The power generated by those could, according to Norkis, power all the homes in Woodbine, West Wildwood or Cape May Point. Linked with the PJM Interconnect via Atlantic City Electric lines, any excess not needed at the site can be sold on that grid.
The new plant is not the first such facility at the landfill. Two 150-kilowatt generators were placed into service in 2005 and help to power the landfill, which uses an estimated $250,000 annually in electricity.
Norkis said the MUA sells between $40,000 and $60,000 in electricity to Atlantic City Electric.
“Landfill gas burns cleaner than fuel oil,” Norkis told the assembled crowd.
The plant was entirely an in-house” project from the start, he said. That meant all the engineering, securing of permits, which took over two years, as well as design and labor was done by authority workers. Some of those were assigned from wastewater treatment plants to weld over 1,000 feet of pipes.

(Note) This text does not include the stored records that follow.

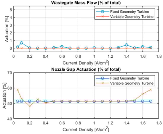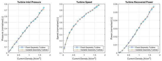 It was also found that VGTs offer a potential benefit in that they are less sensitive to the operating point, maintaining high efficiency when the cathode air flow, pressure, or both are sub-optimal. Despite our differences in approach, these results correlate well with the findings of Filsinger et al. [21], who also found that VGTs were more tolerant when the operating point was compromised. It follows from this that VGTs might offer potential efficiencies for transient loads, which is a suggested area for future work.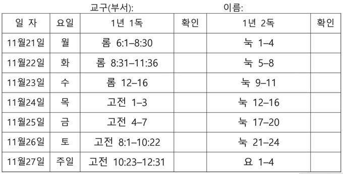 ㆍ2024 전교인 성경읽기표(2024-11-17)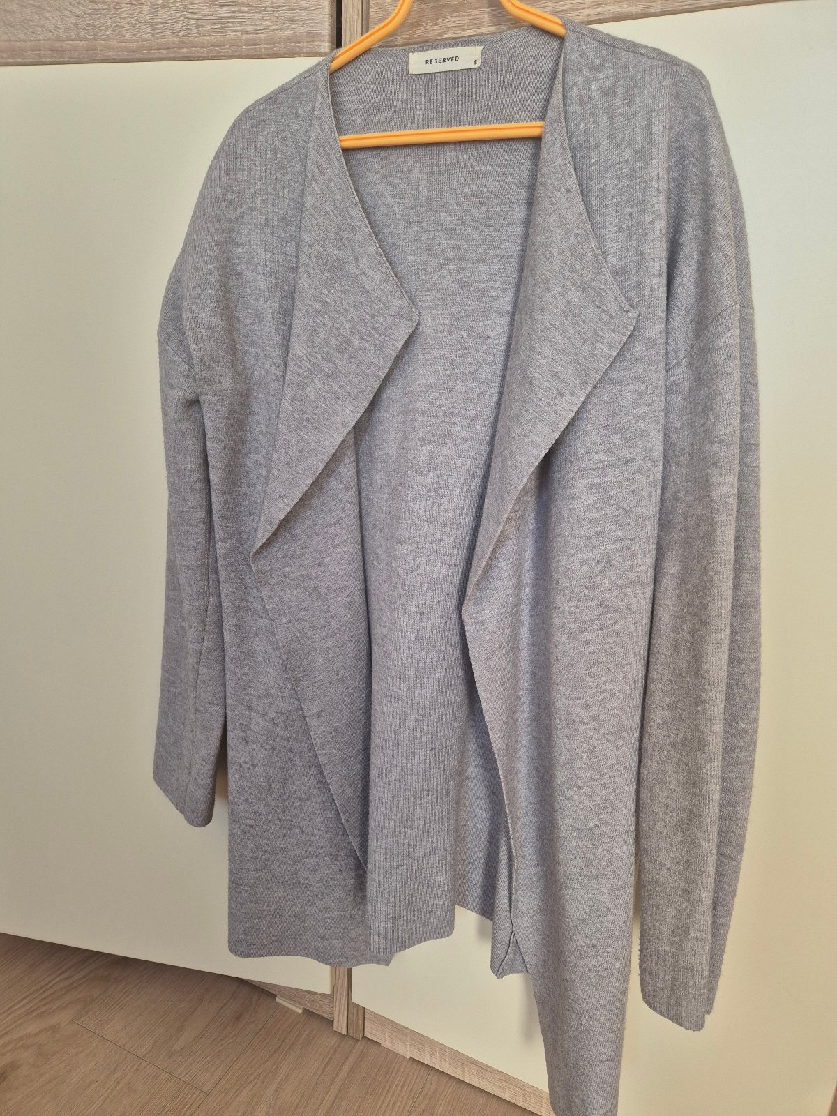 Predám šedý pulóver, voľnejší, rovný výstrih, patent na rukávoch, vrúbkovaný, príjemný materiál. Veľkosť S, zn. Reserved, 1xoblečený. Rifle na predaj v inom inzeráte.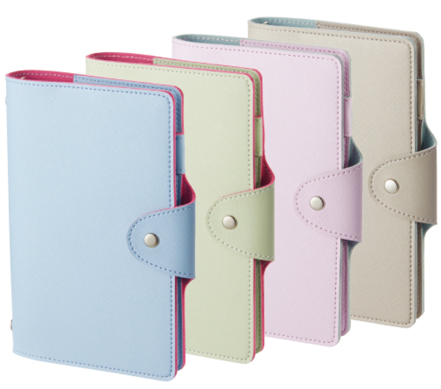 表紙とカラフルなエッジのコントラストが楽しめる。6穴リングの「カジュアルリフィルファイル」を9月初旬発売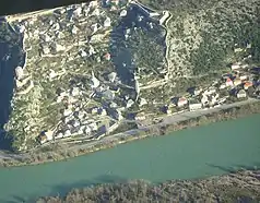 Walled town of Počitelj (Serbian Cyrillic: Почитељ) is a medieval fortified nucleus of Počitelj historic village, in the municipality of Čapljina, Bosnia and Herzegovina. Due to its significant architectural and urbanistic historical value, it is considered an open-air museum. The Walled town is nested in a natural karst amphitheater along the left bank of the Neretva river, on the main road Mostar-Metković. The walled nucleus is protected as a National Monument of Bosnia and Herzegovina. The architectural ensemble of Počitelj is also proposed as such for inscription into the UNESCO's list of World Heritage Sites. The bid for inscription is currently placed on the UNESCO Tentative list.

“The cost saving was tremendous,” Norkis said of the project. “It will pay for itself in five years,” he said.
Assisting the authority in funding were grants from the Board of Public Utilities of $256,320 and the Department of Environmental Protection’s Landfill Fund.
He cited cooperation with Atlantic City Electric, which was needed to tie into the grid via its network.

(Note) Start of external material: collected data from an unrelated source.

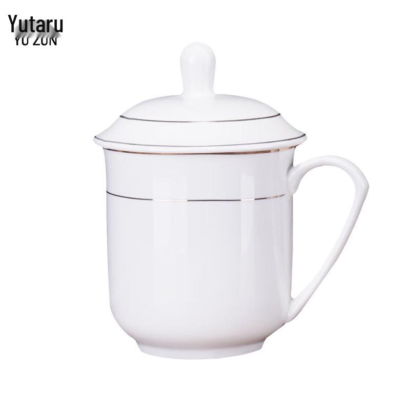 YUZUN Gold-Rimmed Ceramic Tea Cup with Lid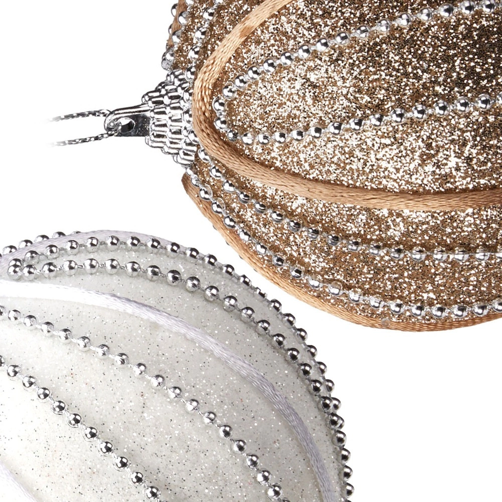 Dodajte svojej vianočnej výzdobe žiarivý, moderný aj nadčasový vzhľad. Sada 12 kusov v kombinácii bielej a šampanskej zlatej farby krásne odráža svetlo a vytvára sviatočnú atmosféru. Povrch s jemným brokátom a detailnou korálikovou výzdobou pôsobí luxusne a elegantne.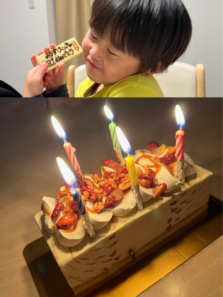 ロウソクのふぅ〜と、チョコプレートを食べるのは息子担当でした🤣笑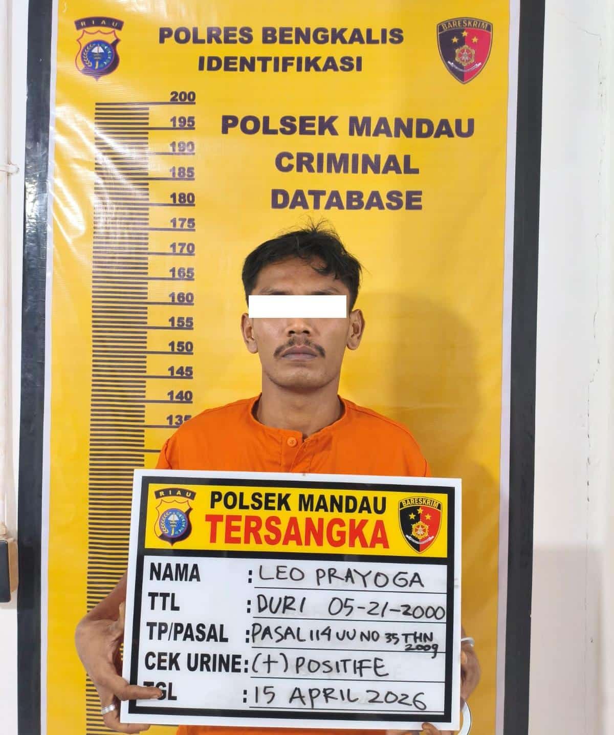Kapolres Bengkalis AKBP Fahrian Saleh Siregar, S.I.K., M.Si melalui Kapolsek Mandau Kompol Primadona, S.I.K., M.Si menjelaskan, tersangka yang diamankan berinisial L.P (26), yang sebelumnya telah masuk dalam daftar buronan kasus narkotika.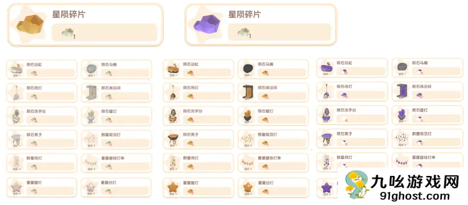 流星雨落下后会有星陨碎片,找到星陨碎片后与朵朵对话可以换家具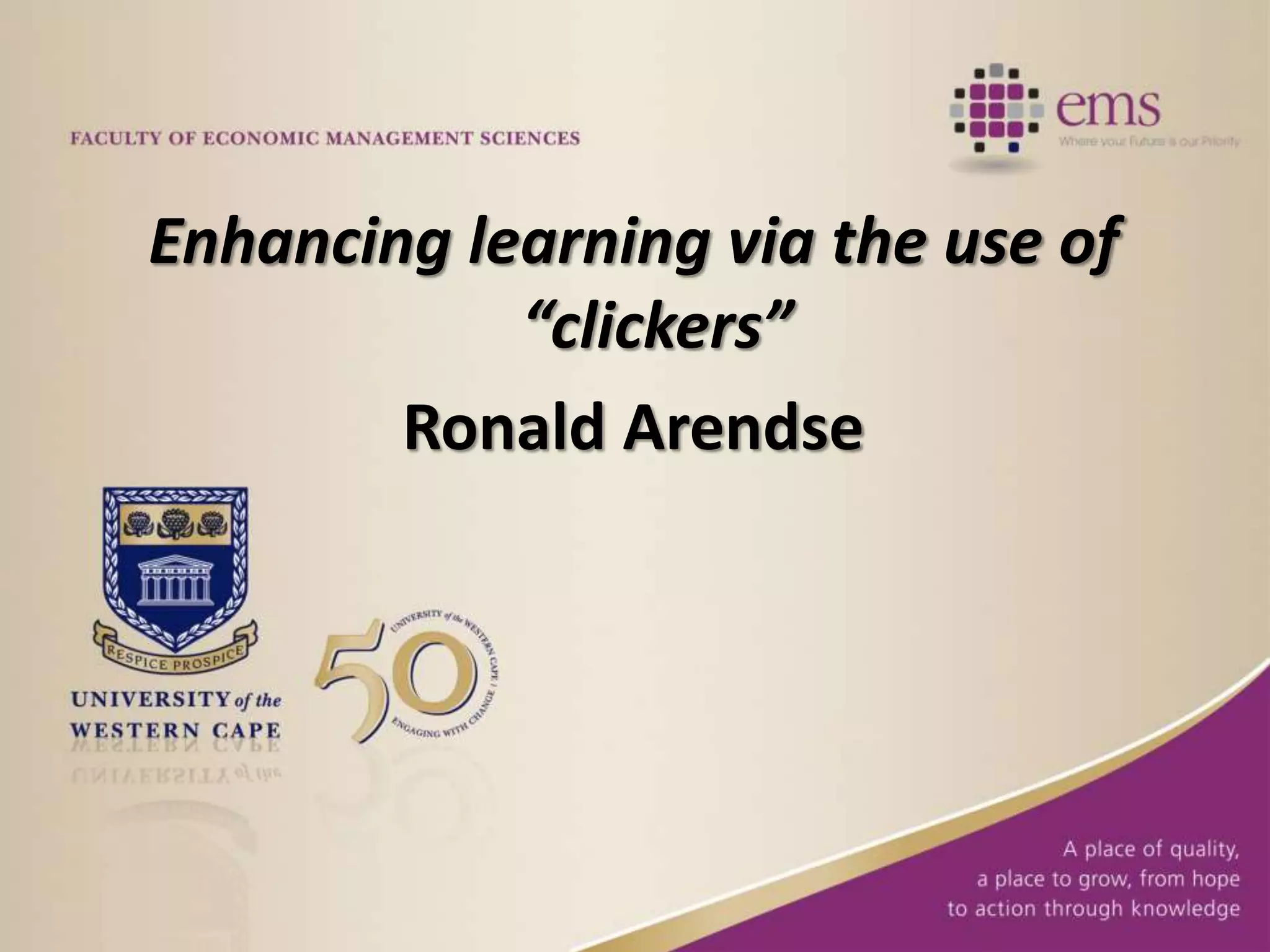 This document discusses using clicker technology, also known as interactive learner systems (ILS), to enhance student learning and engagement. Some risks of using this new technology include lecturers feeling a lack of expertise and control, and students potentially losing focus of intended learning outcomes. The rationale for the study is that foundation students may feel inadequate due to special entrance requirements, language barriers, and culture shock, leading to non-participation in lectures. Clickers allow for anonymous participation and involvement of all students. However, challenges in using clickers include potential technical issues, the time needed to familiarize students with the system, writing effective multiple choice questions, and difficulties managing class-wide discussions.

While the facility produced electric, if power fails, it must cease operation, he said. That way, no utility worker could be injured by coming in contact with an energized line.
Boyle said the PJM is a high voltage grid that services 61 million customers through its region. Not all are large plants, such as Salem and Oak Creek, or vast solar farms generating 700 megawatts of power. He said PJM incorporated many different producers from 185,000 commercial generators, and none are favored over another.
Williamson termed the Jenbacher, 1-megawatt generators as “spark-ignited engines” rated at 1400 horsepower “running uphill 24/7, 365 days a year.” The three on-site generators run on methane, but similar ones could be fueled by wood or other fuels, he noted.
Town said the project began in 2009 to add the generators. “We are very pleased with the progress of the MUA and PJM,” she said. “It was a very long road,” she added.
Morey alluded to the high level of sound that made hearing difficult.
“That is not noise, that is innovation,” said Morey, who is liaison to economic development in the county. He added that the sound meant the waste gas was being turned into a resource.
“Thank you on behalf of the taxpayers,” Morey told Betts.
Betts noted several years when the MUA did not receive any revenue from gas. Now that will change, he said.
The MUA sends about 300 cubic feet per minute of gas to Woodbine Developmental Center to produce steam for heating and cooling at that facility about a mile from the landfill.
The MUA landfill is one of 13 in the state, has been in operation since 1990, and has permits that will allow it to be used for another 90 years. While that may seem an eternity, if recycling was not maximized, Norkis said that useful life might be reduced by 35-40 percent. Thus, he underscored the authority’s commitment to continue to recycling.